> WHAT THE TASK ASKS
The full listing is to be returned exactly as given, but without pictures.

> COLLECTED DATA
****************************************

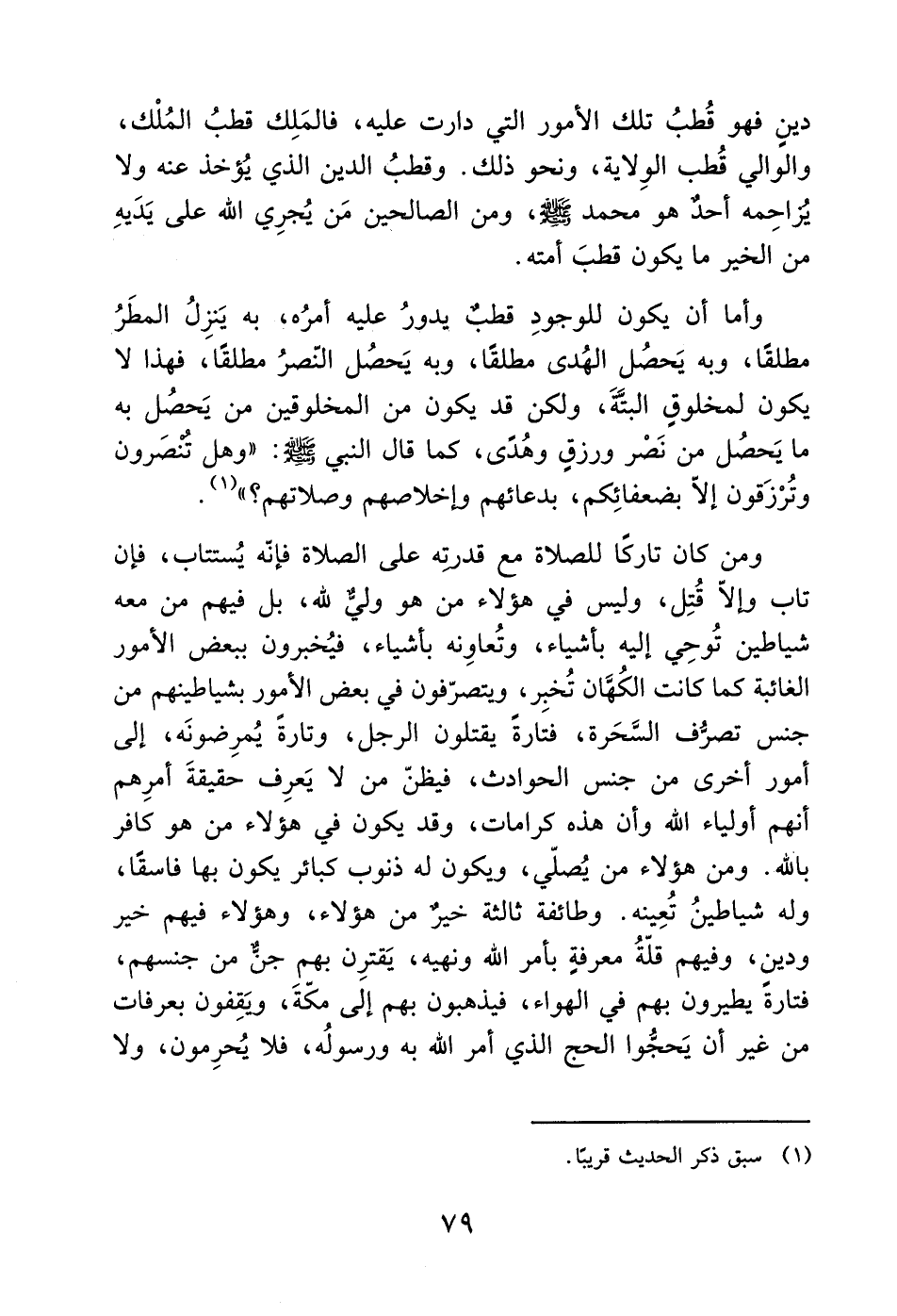 وأما أن يكون للوجودِ قطبٌ يدورُ عليه أمرُه، به يَنزِلُ المطَرُ مطلقًا، وبه يَحصُل الهُدى مطلقًا، وبه يَحصُل النّصرُ مطلقًا، فهذا لا يكون لمخلوقٍ البتةَ، ولكن قد يكون من المخلوقين من يَحصُل به ما يَحصُل من نَصْر ورزقٍ وهُدًى، كما قال النبي - صَلَّى اللَّهُ عَلَيْهِ وَسَلَّمَ -: "وهل تنصَرون وتُرْزَقون إلاّ بضعفائِكم، بدعائهم وإخلاصهم وصلاتهم؟ " (1).
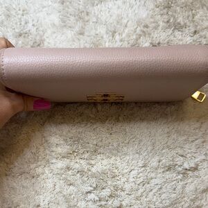 Tory Burch Blush Pink Britten Duo Envelope Continental Wallet with Gold Logo
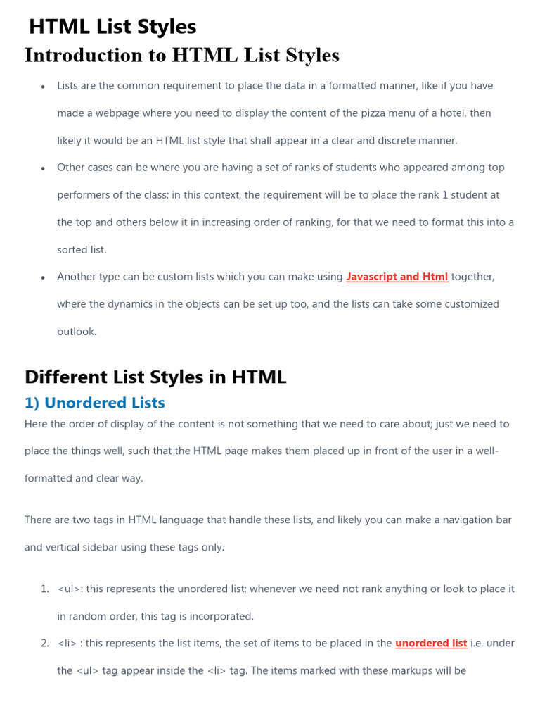 Introduction to HTML List Styles
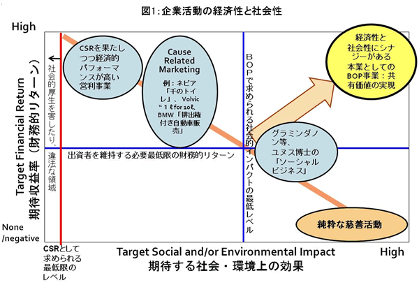 フリードマンの考え方は、これら両極の異なる事業間にあって、経済的効果と社会・環境的効果はトレードオフの関係(図1の中で左上から右下へ伸びる斜め45度線)にあるというものだ。すなわち、企業による社会性の追求は、経済性の犠牲の上に成り立つものであるから、企業による社会性追求は株主への背任的行為とみなされる。この考えは資本市場や企業経営者の間で今でも根強い説得性を持っている。

****************************************

> ANSWER SPACE
 وأما أن يكون للوجودِ قطبٌ يدورُ عليه أمرُه، به يَنزِلُ المطَرُ مطلقًا، وبه يَحصُل الهُدى مطلقًا، وبه يَحصُل النّصرُ مطلقًا، فهذا لا يكون لمخلوقٍ البتةَ، ولكن قد يكون من المخلوقين من يَحصُل به ما يَحصُل من نَصْر ورزقٍ وهُدًى، كما قال النبي - صَلَّى اللَّهُ عَلَيْهِ وَسَلَّمَ -: "وهل تنصَرون وتُرْزَقون إلاّ بضعفائِكم، بدعائهم وإخلاصهم وصلاتهم؟ " (1).
 Tory Burch Blush Pink Britten Duo Envelope Continental Wallet with Gold Logo
 Introduction to HTML List Styles
 フリードマンの考え方は、これら両極の異なる事業間にあって、経済的効果と社会・環境的効果はトレードオフの関係(図1の中で左上から右下へ伸びる斜め45度線)にあるというものだ。すなわち、企業による社会性の追求は、経済性の犠牲の上に成り立つものであるから、企業による社会性追求は株主への背任的行為とみなされる。この考えは資本市場や企業経営者の間で今でも根強い説得性を持っている。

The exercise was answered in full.